The volume of data produced doubles every year,
according to Alexander Szalay, another
astrophysicist, who works at Johns Hopkins
University in Baltimore. Particle-physics
experiments are particularly notorious in this
respect. The next big physics experiment will be
the Large Hadron Collider currently being built
at CERN, a particle-physics laboratory in Geneva.
It is expected to produce 800m collisions a
second when it starts operations next year. This
will result in a data flow of 1 gigabyte per
second, enough to fill a DVD every five seconds.
All this information must be transmitted from
CERN to laboratories around the world for
analysis. The computer science being put in place
to deal with this and similar phenomena forms the
technological aspect of the predicted scientific
revolution.
Such solutions, however, are merely an extension
of the existing paradigm of collecting and
ordering data by whatever technological means are
available, but leaving the value-added stuff of
interpretation to the human brain. What really
interested Dr Emmott's team was whether computers
could participate meaningfully in this process,
too. That truly would be a paradigm shift in
scientific method.
And computer science does, indeed, seem to be
developing a role not only in handling data, but
also in analysing and interpreting them. For
example, devices such as "data cubes" organise
information as a collection of independent
variables (such as the charges and energies of
particles involved in collisions) and their
dependent measurements (where and when the
collisions took place). This saves physicists a
lot of work in deciphering the links between,
say, the time elapsed since the initial collision
and the types of particle existing at that
moment. Meanwhile, in meteorology and
epidemiology, computer science is being used to
develop models of climate change and the spread
of diseases including bird flu, SARS (severe
acute respiratory syndrome) and malaria.
Roboboffin
Stephen Muggleton, the head of computational
bio-informatics at Imperial College, London, has,
meanwhile, taken the involvement of computers
with data handling one step further. He argues
they will soon play a role in formulating
scientific hypotheses and designing and running
experiments to test them. The data deluge is such
that human beings can no longer be expected to
spot patterns in the data. Nor can they grasp the
size and complexity of one database and see how
it relates to another. Computers-he dubs them
"robot scientists"-can help by learning how to do
the job. A couple of years ago, for example, a
team led by Ross King of the University of Wales,
Aberystwyth, demonstrated that a learning machine
performed better than humans at selecting
experiments that would discriminate between
hypotheses about the genetics of yeast.
And it is in biology that computing science is
likely to have its greatest impact. The report
argues that cells and complex cellular systems
can be seen as information-processing systems, so
there is a natural fit between them and
computational logic circuits. That could lead to
new developments in biology, biotechnology and
medicine, as well as in computer science.

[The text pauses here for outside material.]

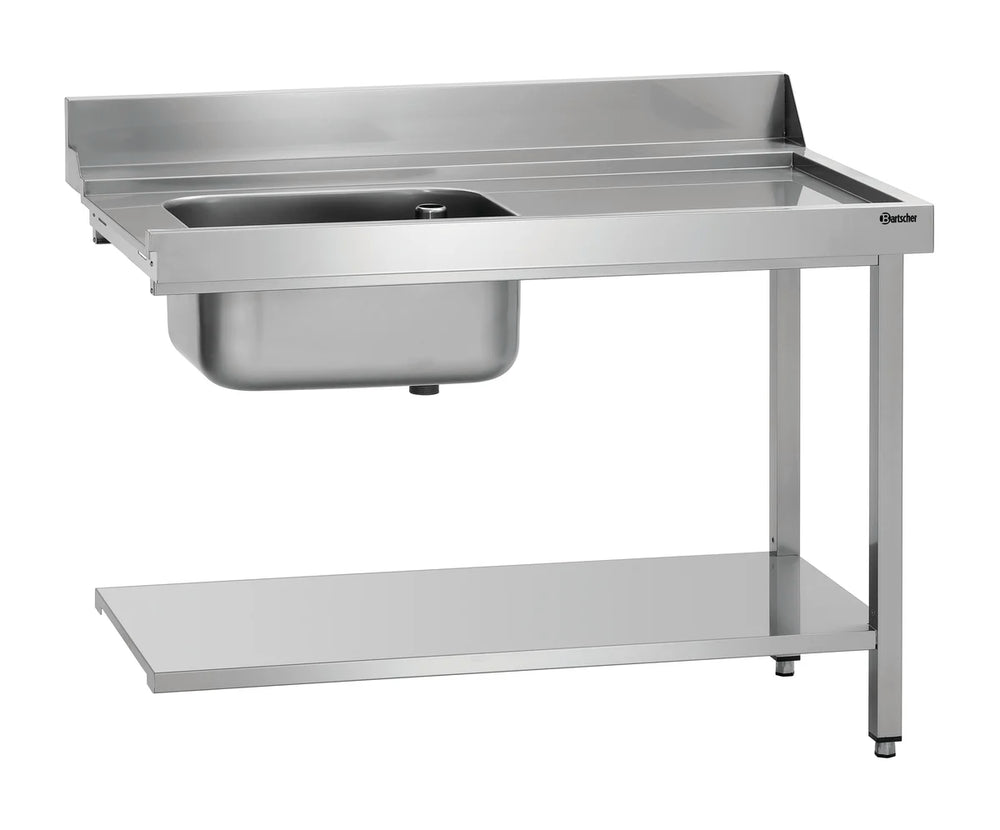 Die 1,2 m breite Vorabräumung mit Spüle ist ausgelegt für den rechtsseitigen Anbau an die Bartscher Durchschubspülmaschinen DS. Ein Grundboden bietet Abstellfläche für Spülkörbe.

It is, perhaps, hardly unexpected that if 34
scientists with an interest in computing are
asked to comment on the importance of computer
science, they will find that it is, indeed, "The
Future". Even so, the team's case is a
respectable one. Indeed, this week's issue of
Nature has given it "earthquake
coverage"-devoting several pages to news and
comment about the report. And Microsoft Research
Cambridge also announced that it will provide
¤2.5m ($3m) to support research that addresses
policy areas outlined by the report, which
include a reform of the education system and the
creation of new kinds of research institutes.
This is, admittedly, a small sum. If Microsoft
wants the world to take its claims-and those of
the scientists it commissioned to think about
such things-seriously, then it should put more
money where its mouth is. Otherwise the old guard
might hang around rather longer than expected.